Dataset entries:
Segment Open

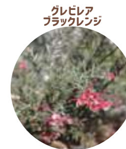
グレビレア ブラックレンジ
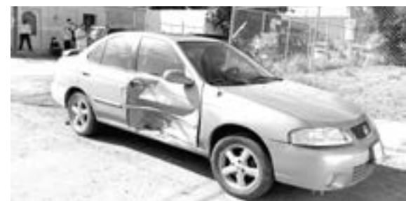
EL COCHE afectado.

vieron en el suelo, pidieron el apoyo de los socorristas por medio de llamadas al 911.
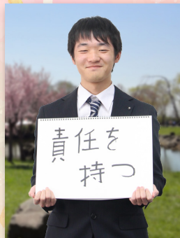
都市計画課 管理係
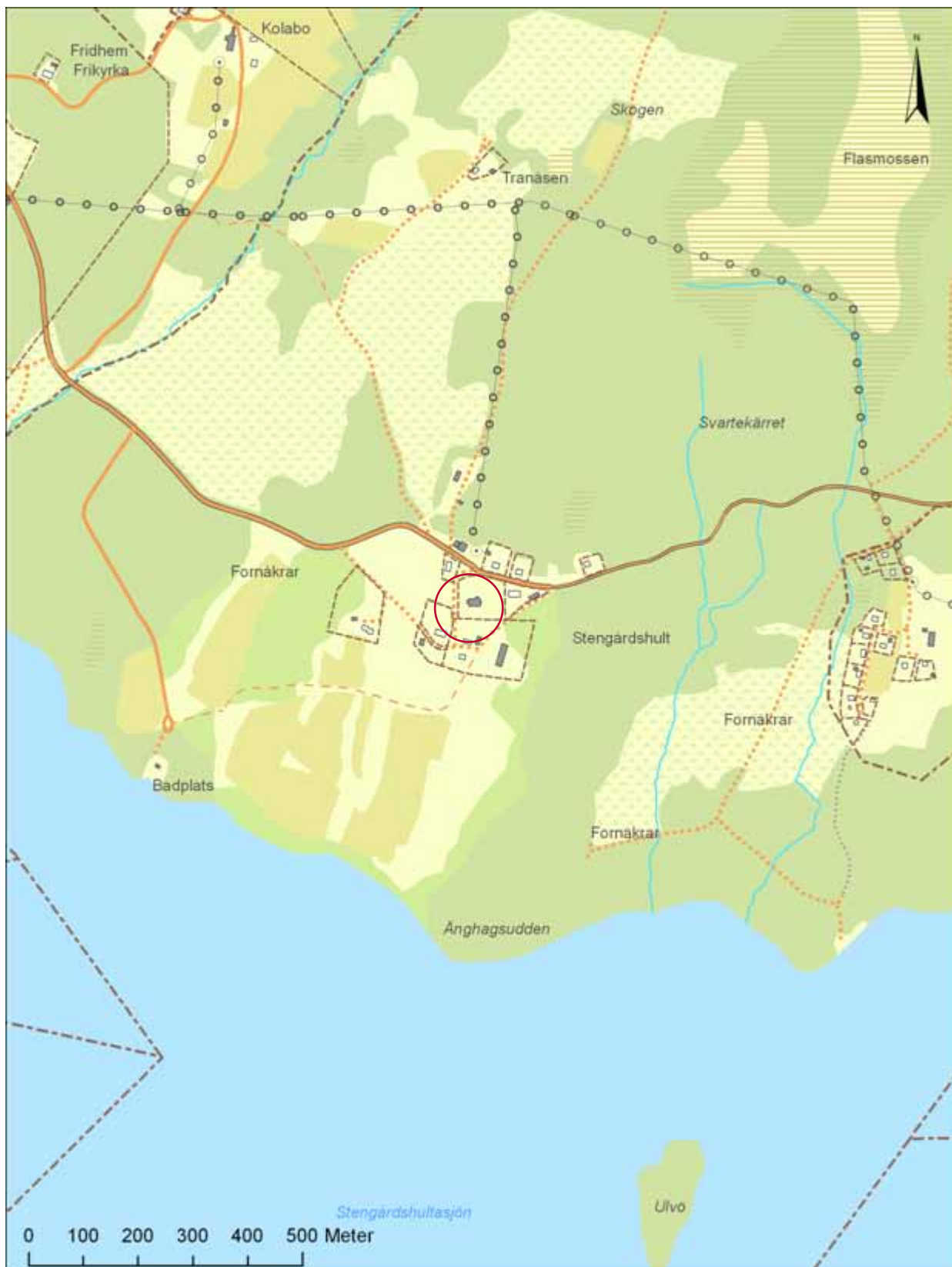
Utdrag ur ekonomiska kartans blad Stengårdshult 6D 6g.
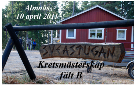
Arrangör - Pk SVEA i Södertälje
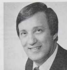
Président du comité Marketing Recrutement
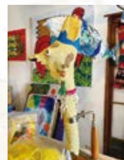
流木を彫刻刀で削ってペイントした『不思議イキモノ』
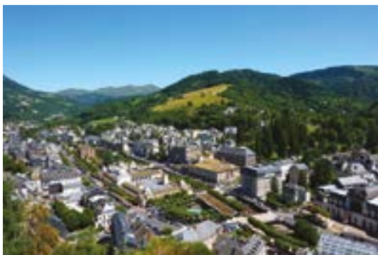
Respirez à La Bourboule

Sur tous nos séjours : activités de loisirs, veillées, soirées à thèmes organisées par notre équipe d'animation sur place.
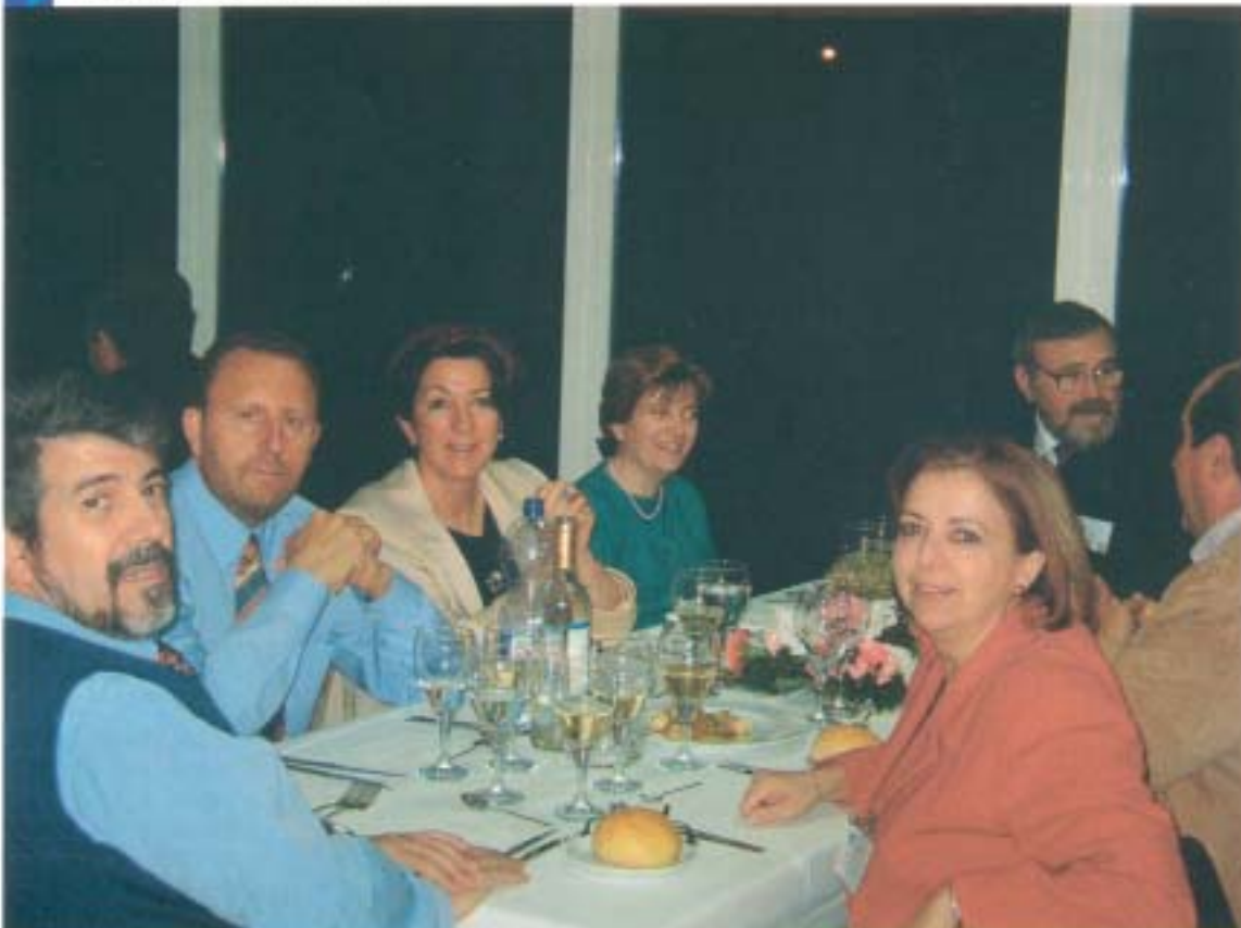
Congresistas de Valencia
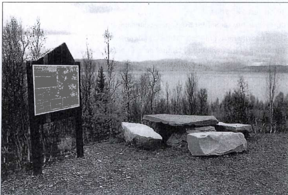
Rasteplass ved Varntreskeveien, Røssvatn

Oppgaver: Bedre allmenn tilrettelegging av natur- og kulturelementer Gjennomføre skilting i henhold til parkens skiltplan Koordinere oppfølging av Regional plan for Vefsna
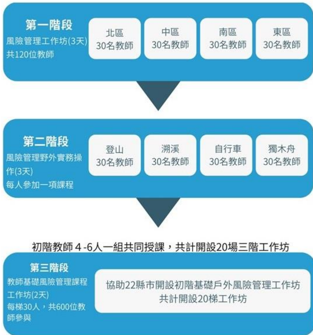
圖一 培訓計畫課程安排
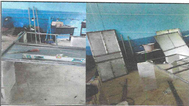
Foto 3: Las puertas de los baños y salones de clase están muy deterioradas, necesitan ser cambiadas.
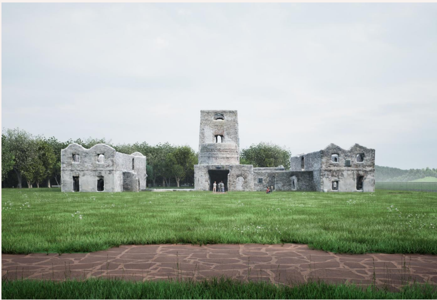
Widok na kompleks ruin
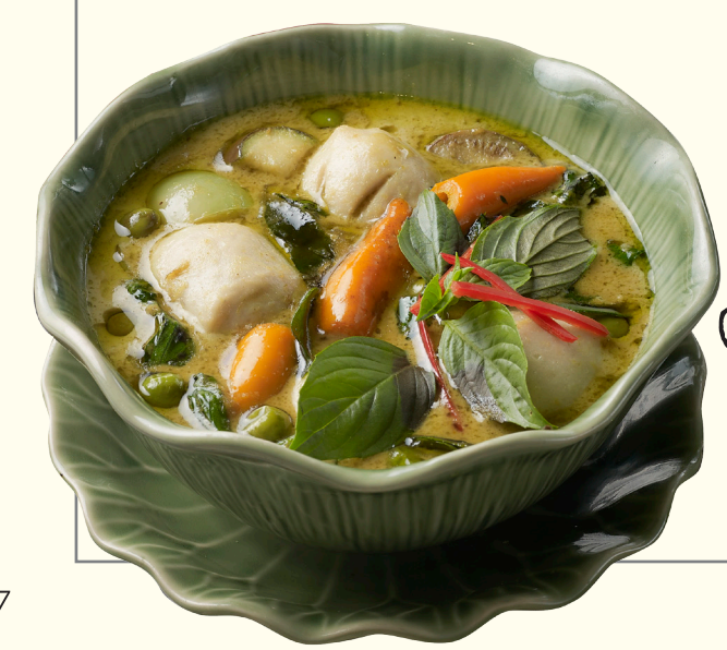
GREEN CURRY WITH PHUKET FISH BALLS

เติมเต็มเทศกาลแห่งความสุขด้วยร้านอาหารในดวงใจ ในบรรยากาศห้องข้าวสุดอบอุ่นใจกลางเมือง ดูทุกคนในบ้านในวันพิเศษด้วยก๊วงแม่น้ำหลังทอดเกลือ หมกหน้ากระเทียมเนื้อหวานดังสุดกรอบ หรือแกงเขียวหวานลูกชิ้นปลาทุกเนื้อหวานดัง เพียงราดข้าวสวรรค์ก็ถูกดังมาอยู่ตรงหน้า * แกงเขียวหวานลูกชิ้นปลาทุกเนื้อหวานดัง (Green Curry with Phuket Fish Balls) 350.- * ก๊วงแม่น้ำหลังทอดเกลือหน้าหมกกระเทียม (Stir Fried King River Prawn Fried with Garlic) 1,290.- ★ LUK KAITHONG ชั้น 6, Helix Sky Dining, The EmQuartier Ins. 0-2003-6301-2
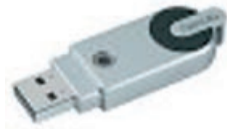
Hama FlashPen Mini 512 MB USB 2.0 Speicher Prämie Nr. 3
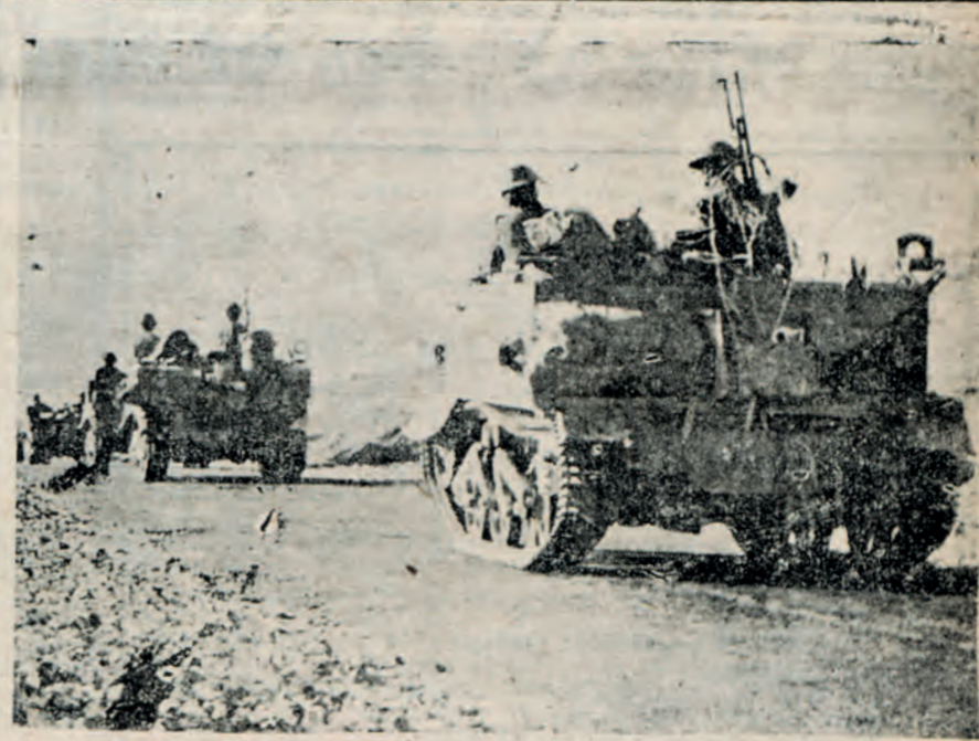
Νεοζηλανδοί μιας μηχανοκινήτου φάλαγγος έν πορεία προς τήν Τριπολιτία
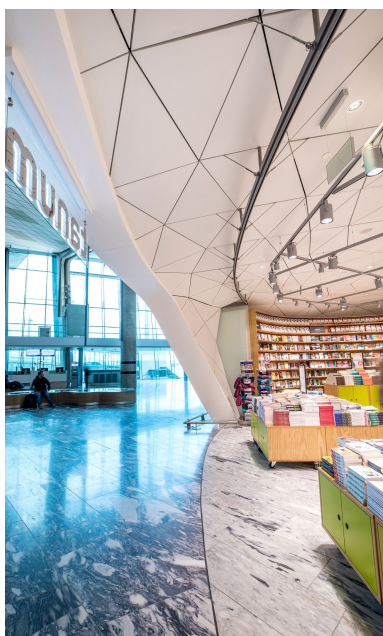
Vue détaillée de la construction en bois avec revêtement
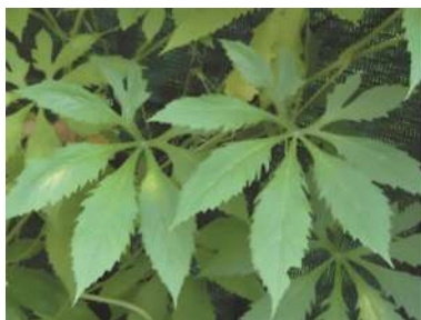
Forma de la hoja de Achojcha

¿Cómo la reconocemos? Se sostiene mediante zarcillos trifidos y cubre fácil y rápidamente las superficies que la soportan. Sus hojas son partidas, palmadas, con bordes aserrados. Las flores son unisexuales, pero se encuentran tanto las masculinas como las femeninas en la misma planta (monoicas). Son amarillentas, pequeñas, y muy perfumadas. El fruto es una baya ovoidea, verdosa, con venas de color más oscuro, de 10-
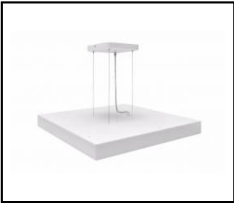
COMPACT LED EVO Z - SYSTEM ZWIESZANIA
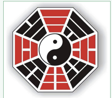
Abb. 2: Hetu-Anordnung der Bagua – Die geistige Ordnung der Trigramme

All diese Methoden liefern entsprechende Hexagramme für die Interpretation einer bestimmten Situation. Für eine moderne medizinische

Segment Closed

**WHAT IS NEEDED**
An exact copy is needed of the stretch above that opens with the line containing "Rasteplass ved Varntreskeveien, Røssvatn" and closes with the line containing "Forma de la hoja de Achojcha"; the pictures are not part of it.

**EXERCISE RESPONSE**
Rasteplass ved Varntreskeveien, Røssvatn

Oppgaver: Bedre allmenn tilrettelegging av natur- og kulturelementer Gjennomføre skilting i henhold til parkens skiltplan Koordinere oppfølging av Regional plan for Vefsna
圖一 培訓計畫課程安排
Foto 3: Las puertas de los baños y salones de clase están muy deterioradas, necesitan ser cambiadas.
Widok na kompleks ruin
GREEN CURRY WITH PHUKET FISH BALLS

เติมเต็มเทศกาลแห่งความสุขด้วยร้านอาหารในดวงใจ ในบรรยากาศห้องข้าวสุดอบอุ่นใจกลางเมือง ดูทุกคนในบ้านในวันพิเศษด้วยก๊วงแม่น้ำหลังทอดเกลือ หมกหน้ากระเทียมเนื้อหวานดังสุดกรอบ หรือแกงเขียวหวานลูกชิ้นปลาทุกเนื้อหวานดัง เพียงราดข้าวสวรรค์ก็ถูกดังมาอยู่ตรงหน้า * แกงเขียวหวานลูกชิ้นปลาทุกเนื้อหวานดัง (Green Curry with Phuket Fish Balls) 350.- * ก๊วงแม่น้ำหลังทอดเกลือหน้าหมกกระเทียม (Stir Fried King River Prawn Fried with Garlic) 1,290.- ★ LUK KAITHONG ชั้น 6, Helix Sky Dining, The EmQuartier Ins. 0-2003-6301-2
Hama FlashPen Mini 512 MB USB 2.0 Speicher Prämie Nr. 3
Νεοζηλανδοί μιας μηχανοκινήτου φάλαγγος έν πορεία προς τήν Τριπολιτία
Vue détaillée de la construction en bois avec revêtement
Forma de la hoja de Achojcha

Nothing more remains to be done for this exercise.